In the latter case, you may want to interface with tools that are code-based, such as SQL databases, or any number of special-purpose computing engines, from Wolfram Alpha to a SAT solver or an in-house tool. If the language used by that tool is not mainstream—meaning, the LLM won’t be trained on it—you’ll need to fine-tune on it.

And finally, you can interface with programming frameworks that have, e.g., a Python-based API. Again, unless the framework is very well-known—e.g., sklearn—you may need to fine-tune your model to teach it how to use that concrete API. But in many cases the model might generalize from its basic Python knowledge to specific APIs with a small set of carefully curated k-shot examples.

Enhanced reasoning

As we’ve seen in Chapter 13, LLMs are lousy at mathematical and logical reasoning. This is rather surprising at first, because computers are supposed to be precise mathematical machines. However, when you understand how LLMs reason, you realize they don’t have any explicit mechanism for even the simplest mathematical operations. But you know what does? Python! (and any other programming language).

Code generation is the most effective way to enhance the mathematical skills of LLMs. Instead of having the model directly answer questions involving mathematical operations, make it generate a short code expression that computes the right formula, run it, and feed the result back to the LLM. This way you can “teach” an LLM to solve complex mathematical problems by doing the same we humans do: using the right tool.

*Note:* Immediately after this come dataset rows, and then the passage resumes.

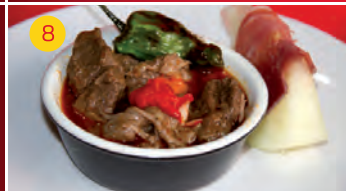
8 El Casino C/ REAL, 32 Tapa: NIDO DE RAGUT CON MELÓN Y JAMÓN
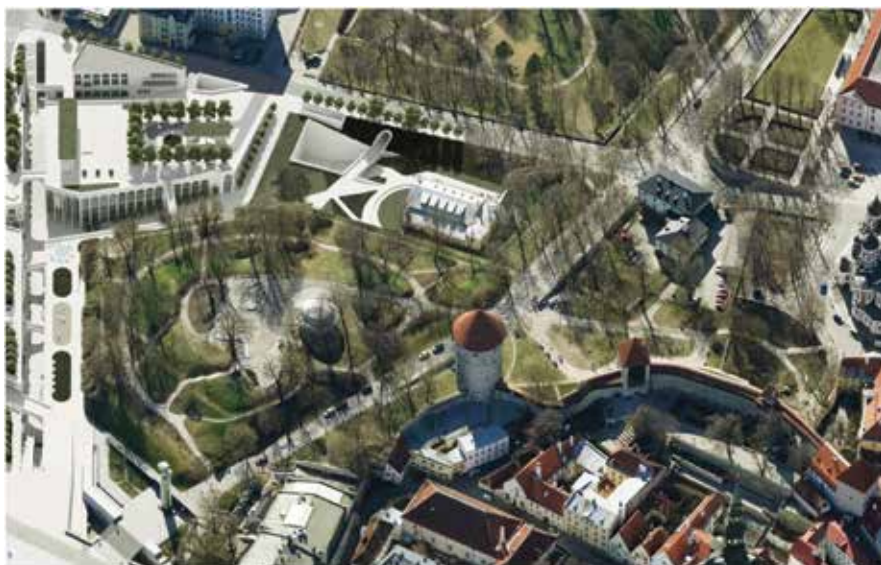
Kontserdimaja kavand Harjuorus. Arhitekt Villem Tomiste.

Seega esitasid ERSO ja EFK riiklikult oluliste kultuuriprojektide nimekirja lisamiseks kontserdimaja ideekavandi, mille nimi oli Helioru Kontserdimaja.
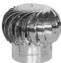
Ротационный дефлектор ТД
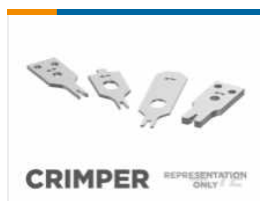
TE Teilenummer7-1633713-9 CRIMPER, WIRE, F PREMIUM
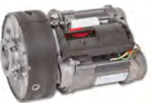
Winner Pro 1200/200 bimotor

É o modelo indicado para a automatização do fechamento de grades enroláveis, até um peso de 170 Kg, com a possibilidade de incluir um electrofreio para bloqueio do fecho. Polia 200/220 eixo 42/48/60.
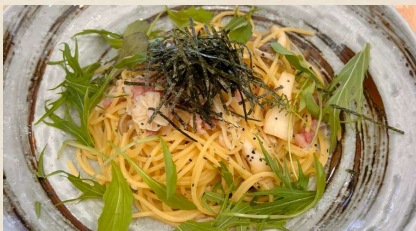
ベーコンとキノコの和風パスタ
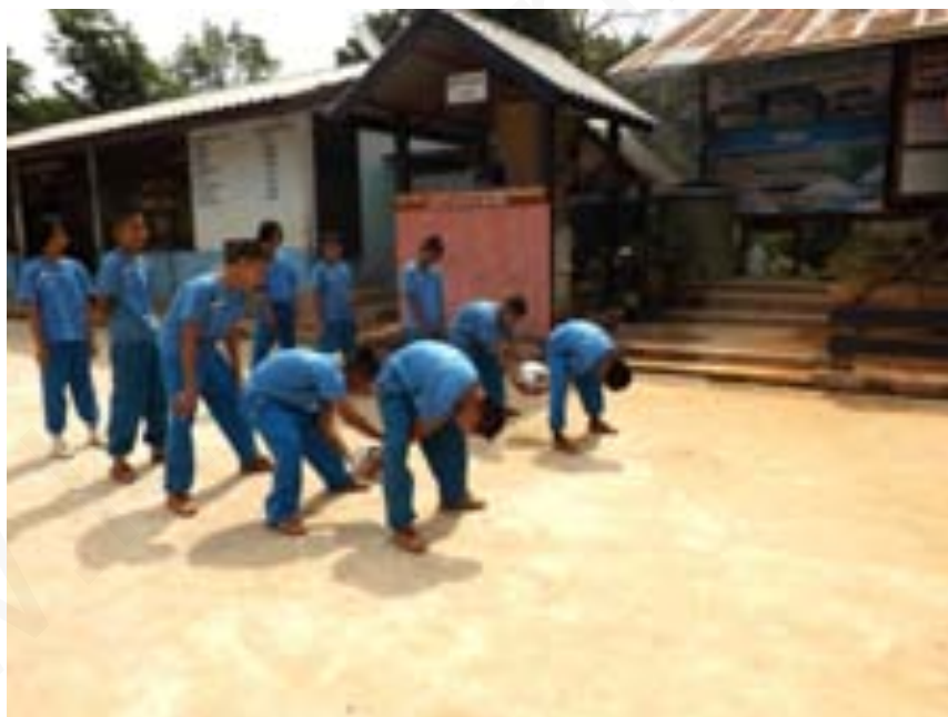
ภาพที่ 1 คนหน้าสุดส่งลูกบอลลอดขาให้คนที่สอง

But the possibilites go far beyond simple (or fairly involved) mathematical operations. You can pair an LLM with any of the many specialized inference engines the AI community has invented over the decades. Make your LLM generate Prolog code and voilá, you have a general purpose logic reasoning engine from natural language, or make it generate SymPy expressions and you have a symbolic reasoner.

But this is no silver bullet, of course. Your LLM can simply fail to generate the right code. So even if you have the perfect computing engine that solves the right problem, getting a language model to generate semantically correct code for that engine is an open problem, and one which is ultimately unsolvable according to basic computatibility theory.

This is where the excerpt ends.